Release Date: 1978 | Tracklist

Review Summary: After the Heat is an absorbing work of art spanning an impressive spectrum of quirky electronic experiments, classical piano, and peaceful ambiance.

Brian Eno and Cluster came into their own during the mid-1970s, releasing most of their finest work and experimenting wildly. Eno emerged as a fearless innovator, particularly in the studio. His fascination with the ambient / krautrock duo Cluster led to their collaboration and recording original material with krautrock producer Conny Plank in Germany. These sessions occurred in June 1977, resulting in the two albums Cluster & Eno and After the Heat, released one year apart. While recorded in the same time frame, After the Heat sounds like an expansion of the already excellent Cluster & Eno, sounding more ambitious, diverse, and certainly stranger overall.

Album opener "Oil" is a droning track with a repeating two-note bass line and various sound effects layered over one another. Many of the pieces follow this pattern, taking after the shorter songs from Eno's masterpiece Another Green World. This album would be the last in some time where Eno sings, with one of the finest vocal performances of his career in album highlight "The Belldog." Swelling synths and a descending, pulsating electronic melody come together with Eno's singing to sound almost like a theme song for a James Bond film.

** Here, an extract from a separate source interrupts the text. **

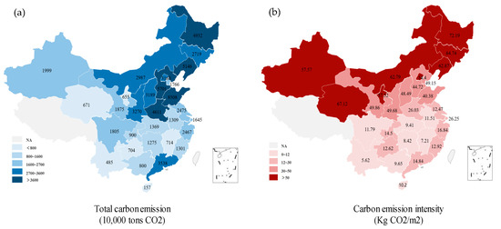 LC (the total URBCE) and intensity of urban residential buildings (URBs) in 2016. (a) Total carbon emissions (10,000 tons CO2); (b) Carbon emissions intensity (kg CO2/m2).

“Base & Apex” is a driving track that brings Kraftwerk to mind due to the looping electronics throughout. “Broken Head” is the definition of deadpan, due no small part to the strange, monotone vocals by Eno. Atonal drones and what sounds like slowed down siren noises make for the most challenging piece on the record. "Tzima N'Arki" has some of the best instrumental performances of the album, including a dynamic bass line played by Holger Czukay from Can. Eno’s singing from the chorus of his song “King’s Lead Hat” from Before and After Science is played in reverse, and while still a great song, probably would have been even better as a pure instrumental.

Despite veering into more bizarre territory at times, After the Heat largely takes after the mellower styles of Cluster & Eno. The alluring nature of "Luftschloß," The Shade," and "Old Land" resemble the soothing qualities of Eno's well-known ambient pieces like "Ambient 1/1" and "An Ending (Ascent)."

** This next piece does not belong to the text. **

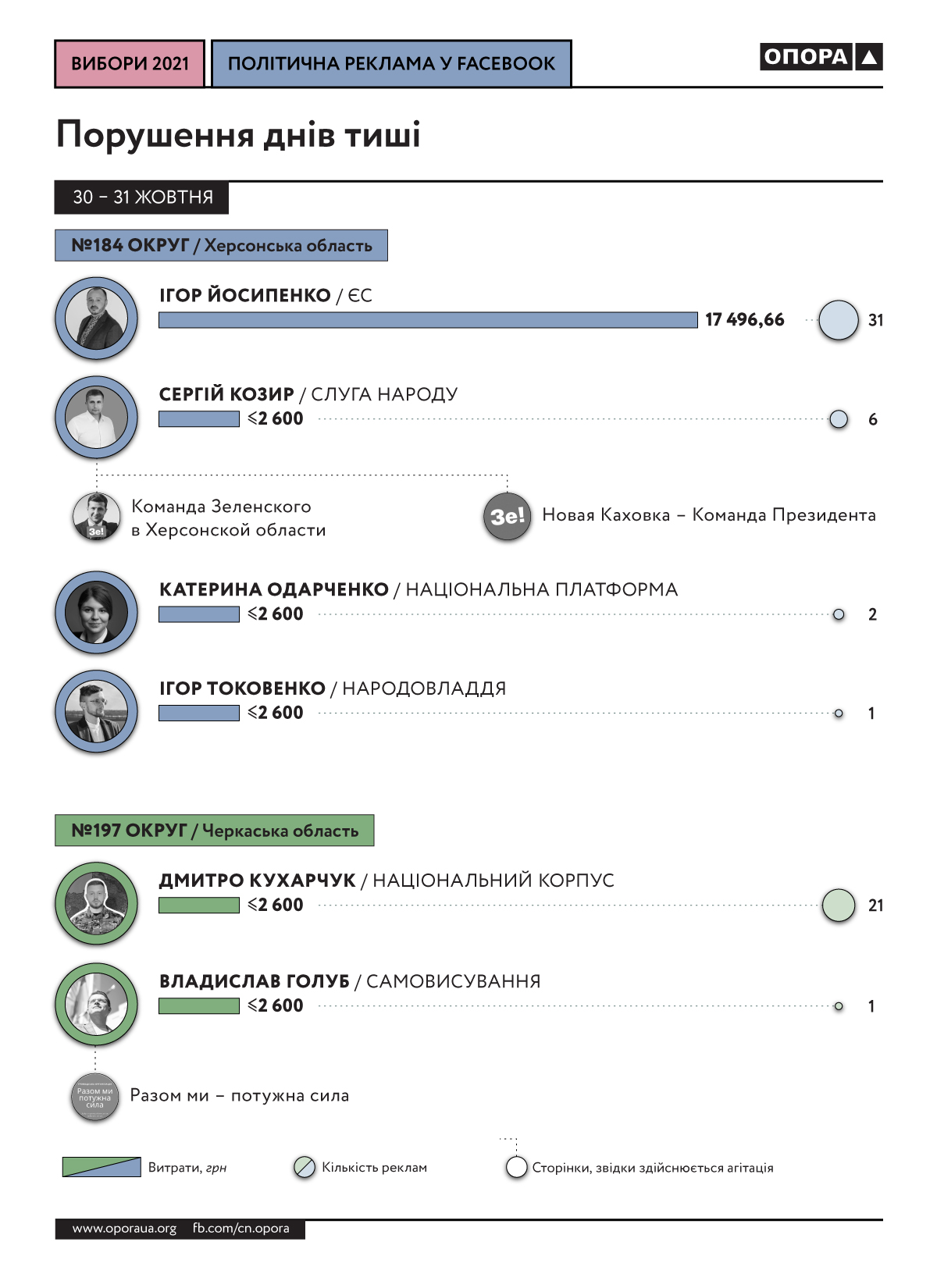 Під час моніторингу ОПОРА зафіксувала також порушення заборони агітувати у “дні тиші” у Facebook з боку 6 кандидатів. Очолив цей антирейтинг кандидат від “Європейської солідарності” у 184 окрузі Ігор Йосипенко, який витратив понад 600 доларів США (близько 17 500 грн) на 31 рекламний допис у день та переддень виборів. Інші кандидати, хоча й теж проігнорували законодавчу заборону на проведення агітації, у “дні тиші” витратили значно менше — їхні витрати не перевищували 100 доларів. На жаль, бібліотека реклами Facebook не надає точних даних про витрати, які не перевищують 100 доларів США, тому точна сума витрачених на рекламу коштів перебуває у проміжку між 1 та 2600 гривень.

After the Heat manages to keep an impressive balance of strange electronic experiments and ambient soundscapes. Wistful piano notes and airy synths exist alongside throbbing bass lines and repeated synthesizer melodies for an otherworldly and engrossing album. It sounds right at home with Cluster's Sowiesoso and Brian Eno's mid-late 70s releases.

The underrated duo of albums Cluster & Eno and After the Heat live up to the main releases by Brian Eno and Cluster, as well as their peers from the U.K. and Germany. After the Heat is an absorbing work of art spanning an impressive spectrum of quirky electronic experiments, classical piano, and peaceful ambiance.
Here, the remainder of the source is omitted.